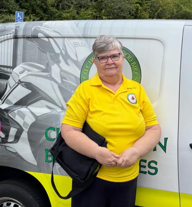 Linda can be found all over Cu Chulainn Blood Bikes, as Secretary, Phone Controller, Driver, Fundraiser and activist for the past six years. She has been the constant thread running through every call, delivery, and decision. Whether it’s blood samples, patient records, breast milk, or emergency medical supplies, her coordination ensures that everything arrives where it’s needed, when it’s needed. This reliability translates directly into better outcomes for patients, smoother operations for hospital staff, and peace of mind for families. She is often the first point of contact for a family in crisis and has the savvy and the heart to be the liaison with hospitals to ease their burden. She also promotes Cu Chulainn Blood Bikes to bring awareness of their services to a greater public. She led the submission process that resulted in the organisation being named the National Lottery Good Cause of the Year in 2022.
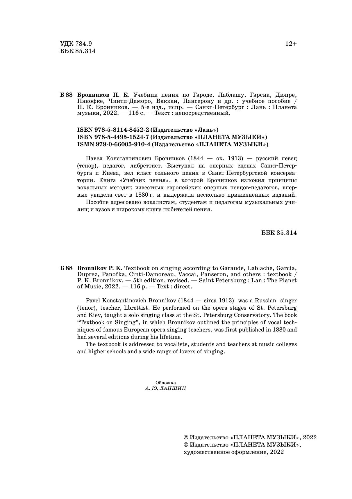 Pavel Konstantinovich Bronnikov (1844 — circa 1913) was a Russian singer (tenor), teacher, librettist. He performed on the opera stages of St. Petersburg and Kiev, taught a solo singing class at the St. Petersburg Conservatory. The book “Textbook of Singing”, in which Bronnikov outlined the principles of vocal techniques of famous European opera singing teachers, was first published in 1880 and had several editions during his lifetime.
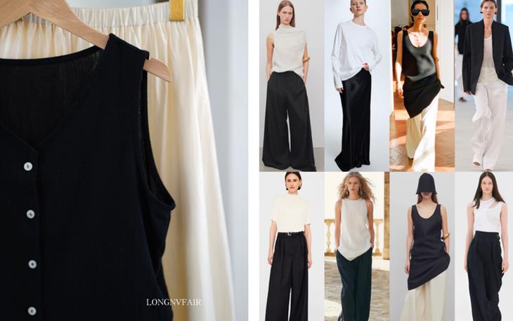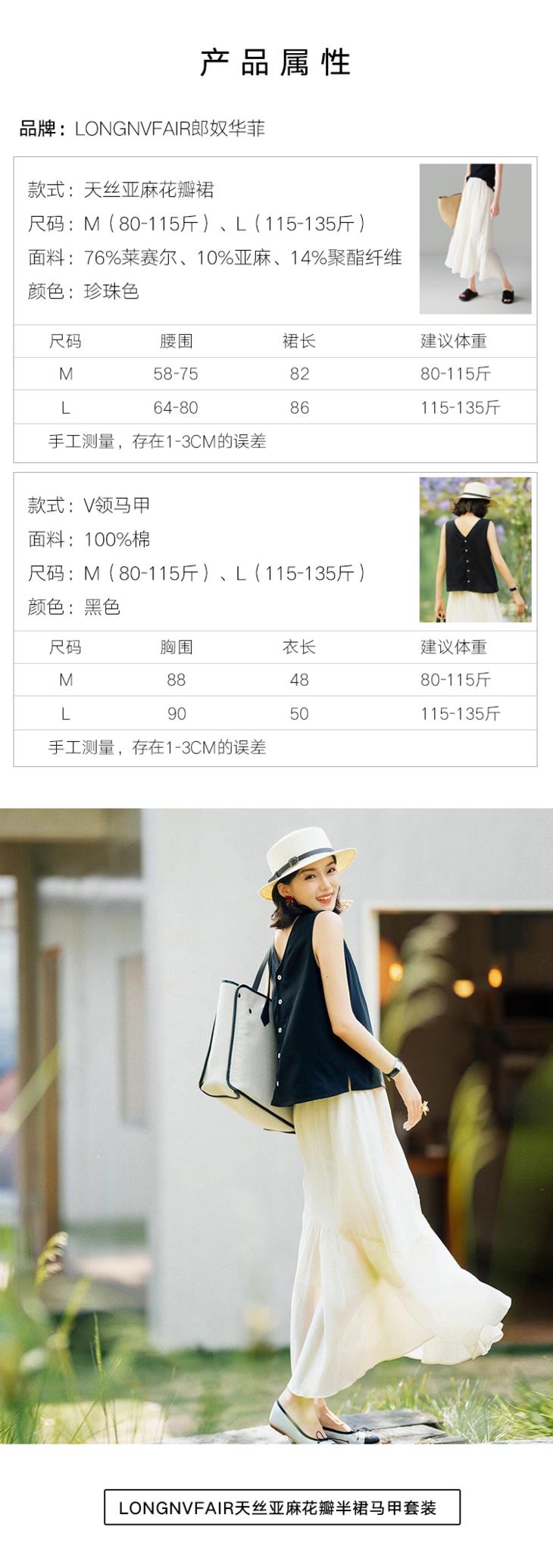 LONGNVFAIR郎奴华菲,找来了这一套很适合亚洲人穿的Clean Fit天丝亚麻花瓣半裙马甲套装。
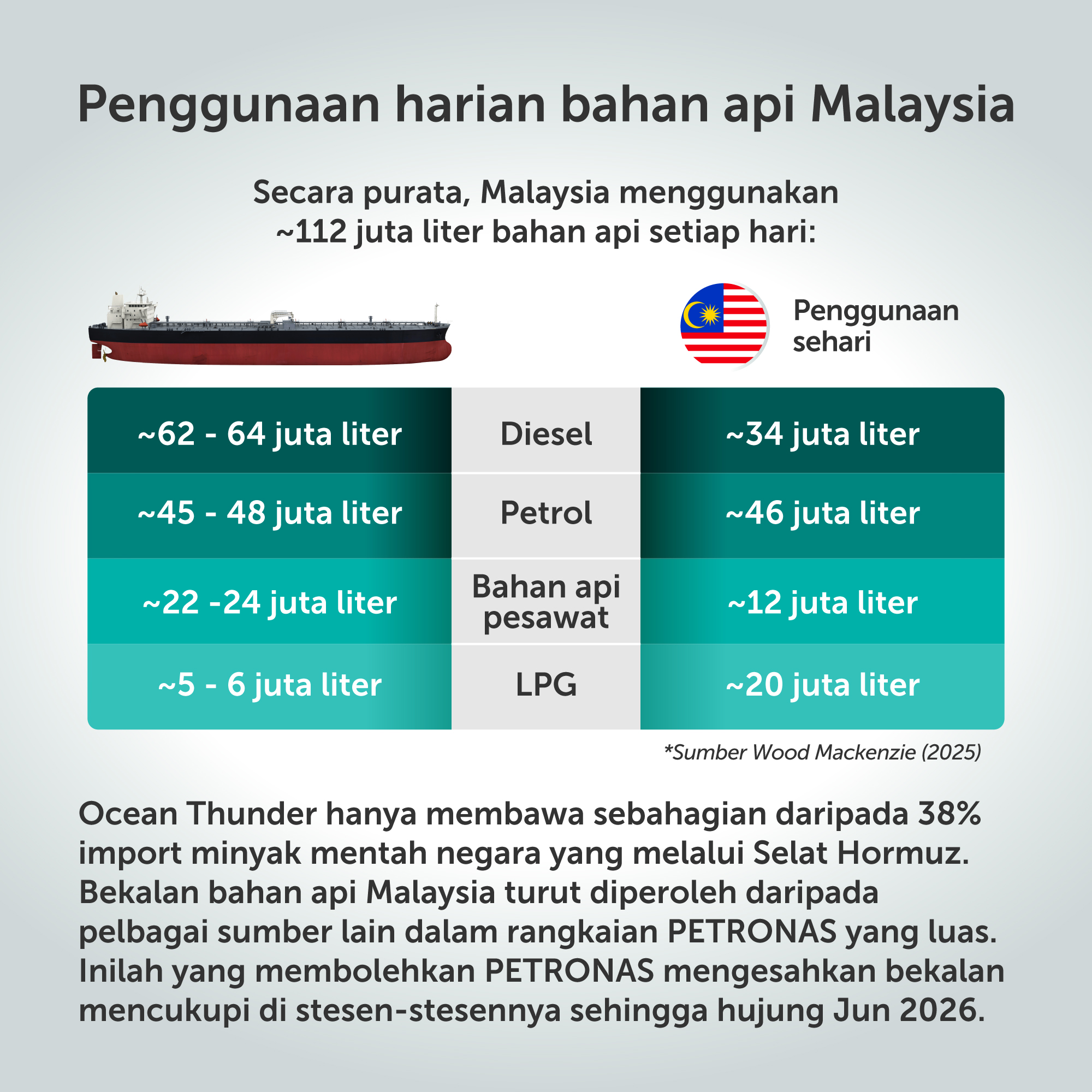 Berdasarkan data Wood Mackenzie (2025), Malaysia menggunakan purata kira-kira 112 juta liter bahan api sehari, terdiri daripada sekitar 34 juta liter diesel, 46 juta liter petrol, 12 juta liter bahan api penerbangan dan 20 juta liter LPG.
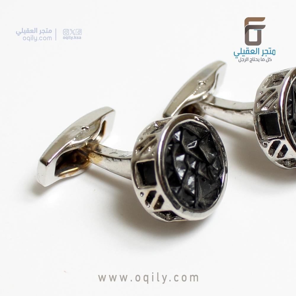 كبكات رجالية فضية "متجر العقيلي": أناقة الحجر الأسود بتصميم هندسي مذهل
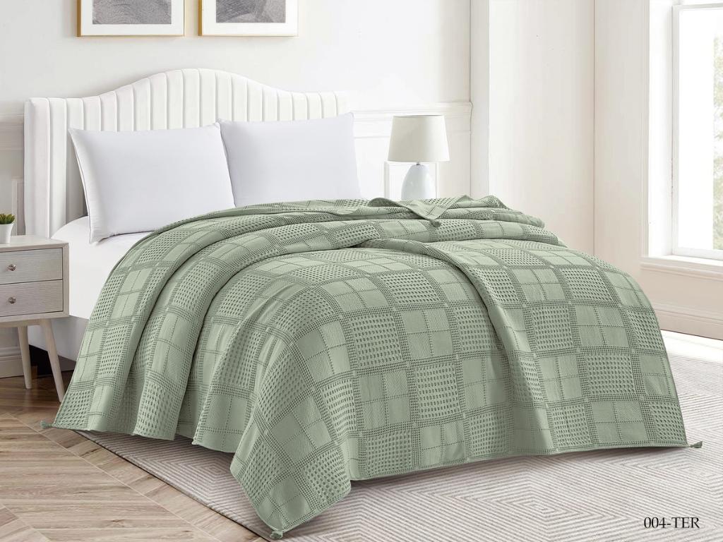 При производстве вафельного покрывала "TERRY" ТМ "CLEO" применяется 100% варёный хлопок, что обеспечивает изделию абсолютную экологичность, гипоаллергенность, высокий уровень воздухопроницаемости и гигроскопичности. Покрывало выполнено в однотонном формате и в летний период может использоваться в качестве лёгкого одеяла. Изделие декорировано кисточками по уголкам.
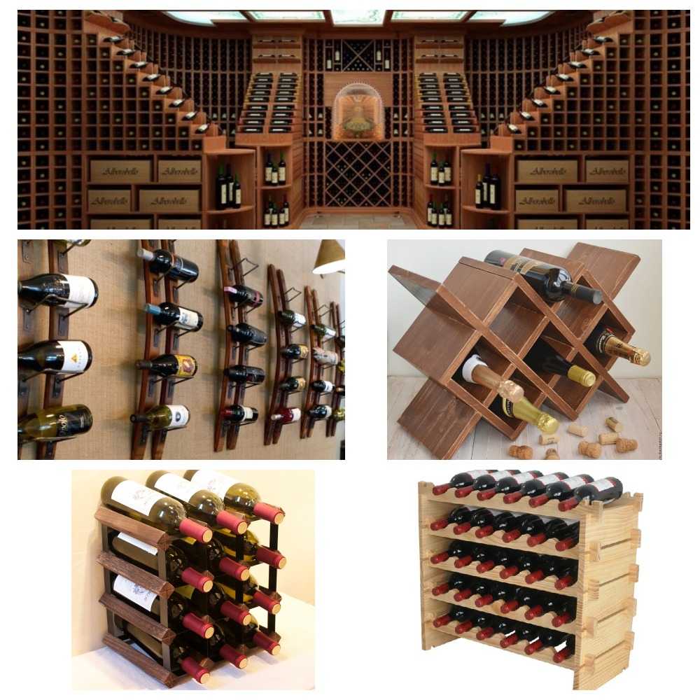 В зависимости от индивидуальных предпочтений, стеллаж для вина может иметь различную конструкцию, цветовую гамму и дизайн. Эти параметры подбираются в соответствии с количеством хранимых бутылок, а также стиля оформления интерьера. Самыми популярными вариантами являются:
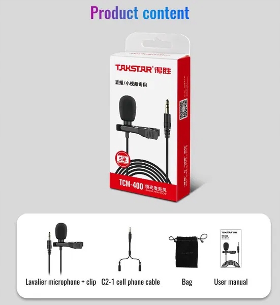 Mikrofon lavalier Takstar TCM-400 z kablem o długości 5 m
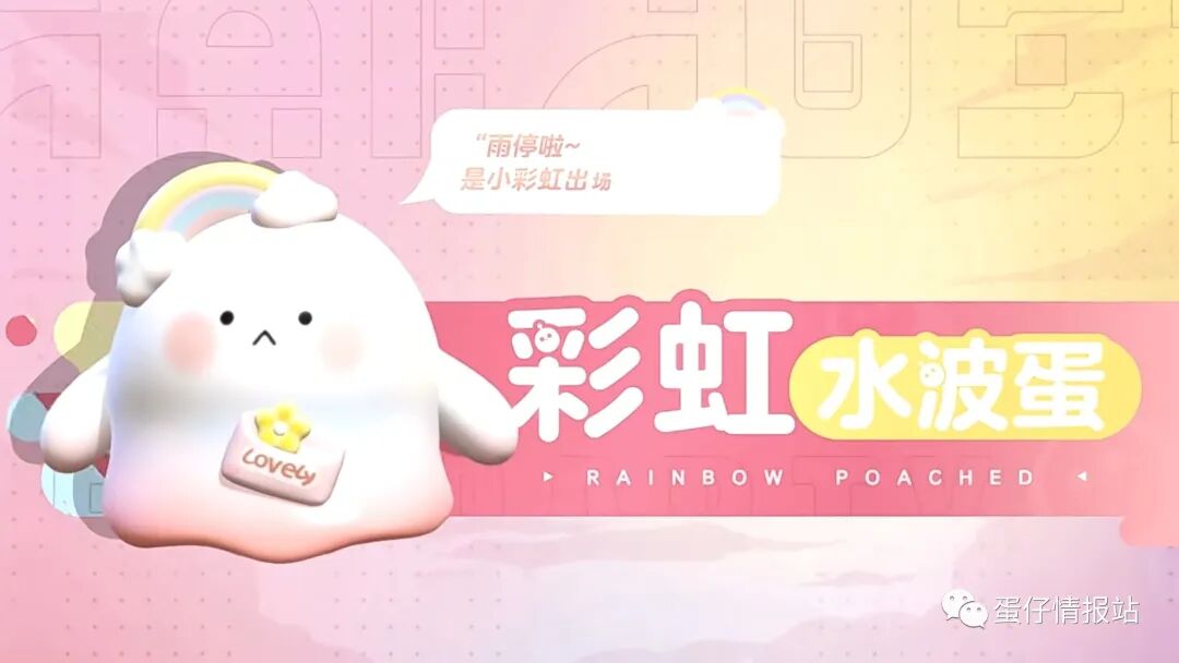 下完雨的天空出现了一道美丽的彩虹,听说遇见彩虹的蛋仔会变得更加幸运,彩虹水波蛋带着缤纷的彩虹出场,让垂着头的黄色小花变得生机勃勃。
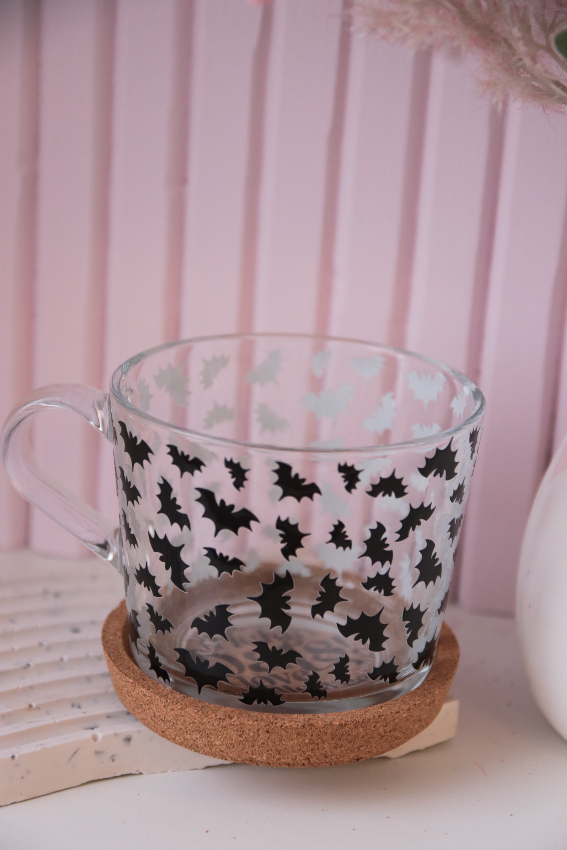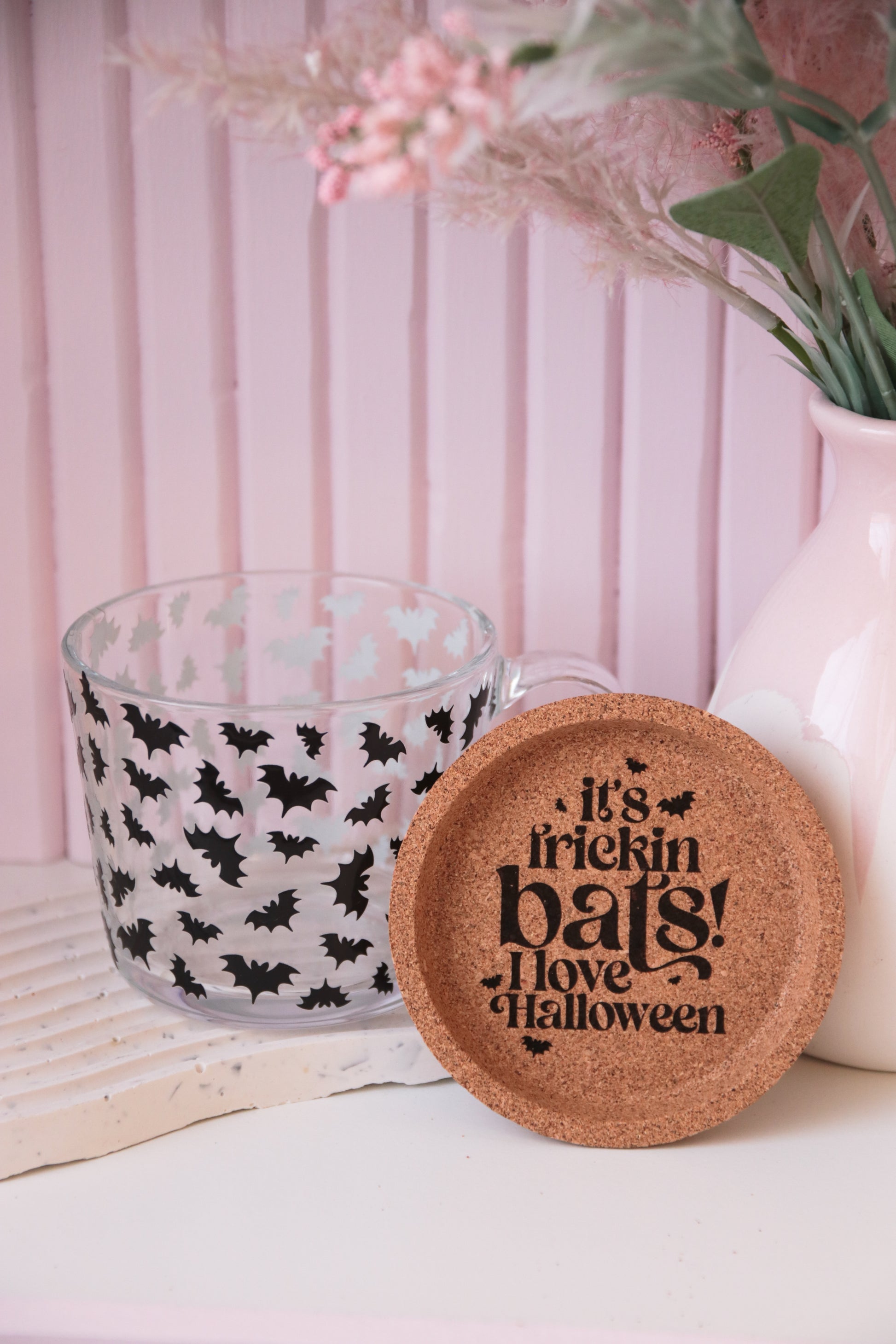 Frickin Bats Glass Mug with Handle and Cork Engraved Coaster

▶ [What to produce]: Your answer must be the lines from the one containing "При производстве вафельного" through the last line of the listing above, restated word for word, with no pictures.

▶ [Exercise output]:
 При производстве вафельного покрывала "TERRY" ТМ "CLEO" применяется 100% варёный хлопок, что обеспечивает изделию абсолютную экологичность, гипоаллергенность, высокий уровень воздухопроницаемости и гигроскопичности. Покрывало выполнено в однотонном формате и в летний период может использоваться в качестве лёгкого одеяла. Изделие декорировано кисточками по уголкам.
 В зависимости от индивидуальных предпочтений, стеллаж для вина может иметь различную конструкцию, цветовую гамму и дизайн. Эти параметры подбираются в соответствии с количеством хранимых бутылок, а также стиля оформления интерьера. Самыми популярными вариантами являются:
 Mikrofon lavalier Takstar TCM-400 z kablem o długości 5 m
 下完雨的天空出现了一道美丽的彩虹,听说遇见彩虹的蛋仔会变得更加幸运,彩虹水波蛋带着缤纷的彩虹出场,让垂着头的黄色小花变得生机勃勃。
 Frickin Bats Glass Mug with Handle and Cork Engraved Coaster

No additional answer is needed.